• [SUPPLIED ENTRIES]:
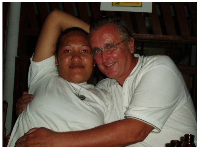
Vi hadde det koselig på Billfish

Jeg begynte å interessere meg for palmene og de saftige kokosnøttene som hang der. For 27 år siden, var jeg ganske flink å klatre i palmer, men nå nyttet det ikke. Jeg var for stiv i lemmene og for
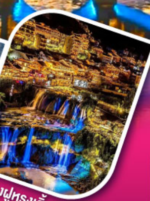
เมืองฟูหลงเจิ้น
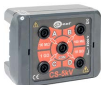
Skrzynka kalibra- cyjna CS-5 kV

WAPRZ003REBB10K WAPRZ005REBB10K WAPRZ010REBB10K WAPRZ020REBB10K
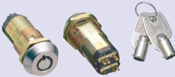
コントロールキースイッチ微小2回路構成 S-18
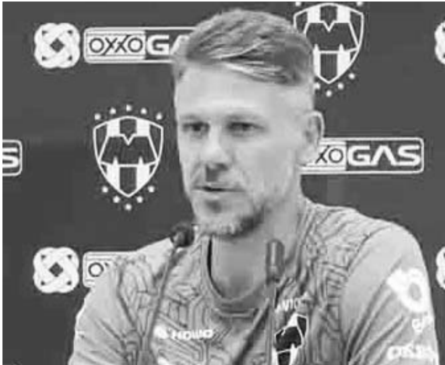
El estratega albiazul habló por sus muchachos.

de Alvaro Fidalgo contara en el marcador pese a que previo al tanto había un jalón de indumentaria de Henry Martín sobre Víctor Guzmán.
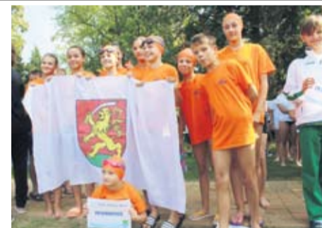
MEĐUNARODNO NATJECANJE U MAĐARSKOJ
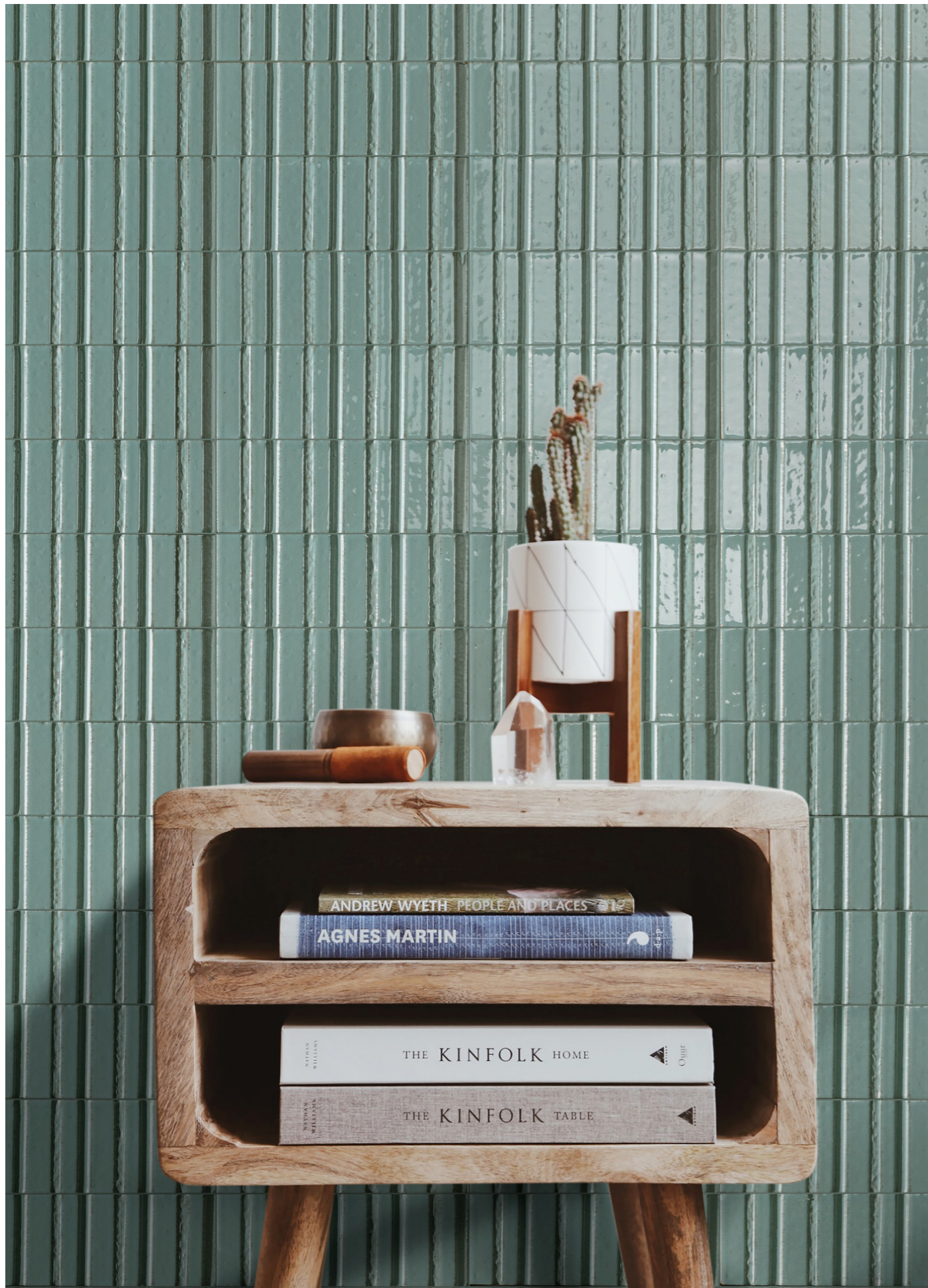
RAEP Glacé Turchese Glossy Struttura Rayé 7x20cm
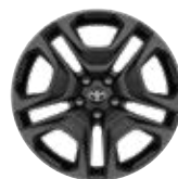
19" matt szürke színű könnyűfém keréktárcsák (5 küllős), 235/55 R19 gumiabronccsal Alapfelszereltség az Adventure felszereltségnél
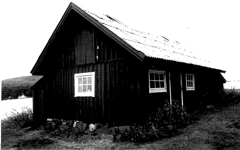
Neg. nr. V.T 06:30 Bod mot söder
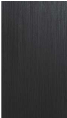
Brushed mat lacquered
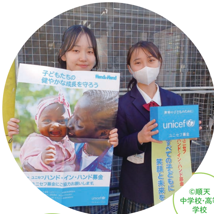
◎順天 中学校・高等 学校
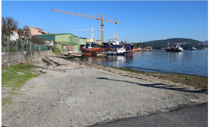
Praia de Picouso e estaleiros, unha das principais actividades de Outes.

• [WORK ORDER]: Your answer should consist solely of the lines from the one with "MEĐUNARODNO NATJECANJE U MAĐARSKOJ" through the last line of the entries, restated word for word, with the pictures omitted.

• [ANSWER BOX]:
MEĐUNARODNO NATJECANJE U MAĐARSKOJ
RAEP Glacé Turchese Glossy Struttura Rayé 7x20cm
19" matt szürke színű könnyűfém keréktárcsák (5 küllős), 235/55 R19 gumiabronccsal Alapfelszereltség az Adventure felszereltségnél
Neg. nr. V.T 06:30 Bod mot söder
Brushed mat lacquered
◎順天 中学校・高等 学校
Praia de Picouso e estaleiros, unha das principais actividades de Outes.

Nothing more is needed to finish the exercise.